(The input)
»»
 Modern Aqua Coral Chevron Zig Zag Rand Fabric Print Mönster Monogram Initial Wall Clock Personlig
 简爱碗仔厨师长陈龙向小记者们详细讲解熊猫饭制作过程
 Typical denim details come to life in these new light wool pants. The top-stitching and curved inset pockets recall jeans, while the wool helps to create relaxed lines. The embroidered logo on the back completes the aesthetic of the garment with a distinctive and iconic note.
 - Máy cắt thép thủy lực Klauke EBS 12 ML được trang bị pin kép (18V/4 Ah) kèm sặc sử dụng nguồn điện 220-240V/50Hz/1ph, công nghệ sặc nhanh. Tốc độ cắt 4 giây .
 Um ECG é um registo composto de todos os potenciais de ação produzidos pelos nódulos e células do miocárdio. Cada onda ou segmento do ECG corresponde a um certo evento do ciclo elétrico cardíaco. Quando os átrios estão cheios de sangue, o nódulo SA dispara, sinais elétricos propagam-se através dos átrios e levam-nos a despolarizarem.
««
»»
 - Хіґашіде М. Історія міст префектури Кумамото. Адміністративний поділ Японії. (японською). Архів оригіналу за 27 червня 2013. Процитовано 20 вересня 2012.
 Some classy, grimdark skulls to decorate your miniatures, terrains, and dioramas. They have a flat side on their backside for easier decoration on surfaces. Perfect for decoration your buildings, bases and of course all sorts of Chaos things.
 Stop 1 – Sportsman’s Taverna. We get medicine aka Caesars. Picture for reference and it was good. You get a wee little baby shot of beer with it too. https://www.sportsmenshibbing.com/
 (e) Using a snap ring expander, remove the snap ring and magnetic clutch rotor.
««
»»
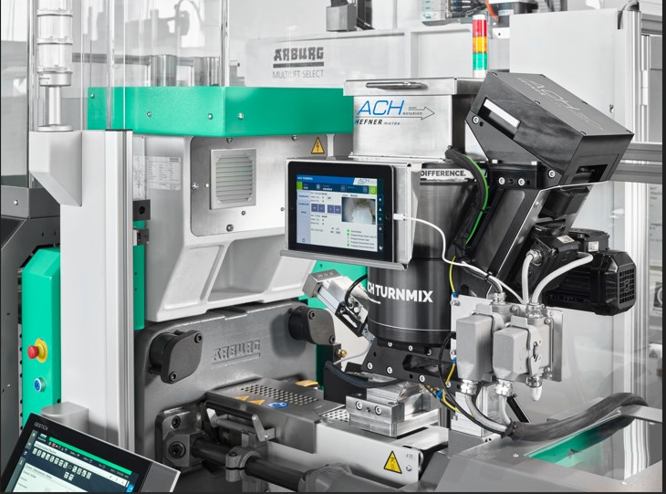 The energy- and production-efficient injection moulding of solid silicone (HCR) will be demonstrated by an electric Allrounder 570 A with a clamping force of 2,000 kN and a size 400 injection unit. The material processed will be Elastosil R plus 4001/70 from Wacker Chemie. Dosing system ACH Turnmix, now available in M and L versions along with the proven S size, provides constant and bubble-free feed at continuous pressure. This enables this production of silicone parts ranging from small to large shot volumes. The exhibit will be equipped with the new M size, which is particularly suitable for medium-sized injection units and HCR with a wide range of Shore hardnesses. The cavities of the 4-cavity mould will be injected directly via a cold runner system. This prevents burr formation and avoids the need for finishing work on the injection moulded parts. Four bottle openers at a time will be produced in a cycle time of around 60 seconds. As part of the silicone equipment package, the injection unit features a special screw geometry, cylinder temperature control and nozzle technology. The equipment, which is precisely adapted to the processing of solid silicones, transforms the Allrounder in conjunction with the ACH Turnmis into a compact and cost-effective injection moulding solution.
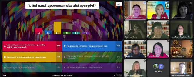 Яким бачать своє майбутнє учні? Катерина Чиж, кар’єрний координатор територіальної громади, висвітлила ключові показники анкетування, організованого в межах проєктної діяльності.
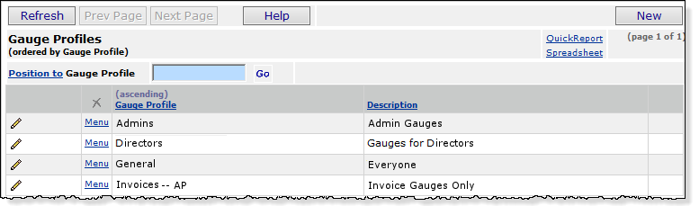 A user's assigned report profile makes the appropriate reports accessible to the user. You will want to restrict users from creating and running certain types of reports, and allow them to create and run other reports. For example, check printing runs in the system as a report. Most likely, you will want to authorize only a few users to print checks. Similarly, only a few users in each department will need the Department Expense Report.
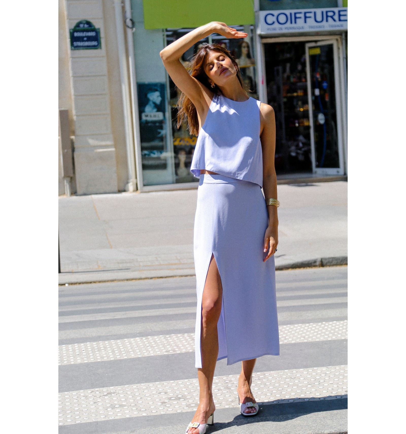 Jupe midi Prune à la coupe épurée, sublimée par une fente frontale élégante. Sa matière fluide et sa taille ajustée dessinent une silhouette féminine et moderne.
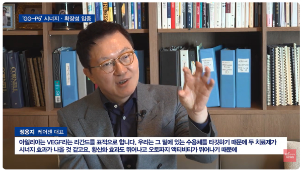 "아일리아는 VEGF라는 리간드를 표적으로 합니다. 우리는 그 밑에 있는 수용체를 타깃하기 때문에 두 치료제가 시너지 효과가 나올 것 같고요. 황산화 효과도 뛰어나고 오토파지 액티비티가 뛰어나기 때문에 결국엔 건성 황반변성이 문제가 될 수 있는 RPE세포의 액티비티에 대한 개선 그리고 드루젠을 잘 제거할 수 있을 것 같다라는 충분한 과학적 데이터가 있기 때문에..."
««
(What to do)
What you write must match the listing exactly, from the line with "Jupe midi Prune" up to and including the line with "VEGF라는 리간드를 표적으로". Pictures stay out.

(Written response)
 Jupe midi Prune à la coupe épurée, sublimée par une fente frontale élégante. Sa matière fluide et sa taille ajustée dessinent une silhouette féminine et moderne.
 "아일리아는 VEGF라는 리간드를 표적으로 합니다. 우리는 그 밑에 있는 수용체를 타깃하기 때문에 두 치료제가 시너지 효과가 나올 것 같고요. 황산화 효과도 뛰어나고 오토파지 액티비티가 뛰어나기 때문에 결국엔 건성 황반변성이 문제가 될 수 있는 RPE세포의 액티비티에 대한 개선 그리고 드루젠을 잘 제거할 수 있을 것 같다라는 충분한 과학적 데이터가 있기 때문에..."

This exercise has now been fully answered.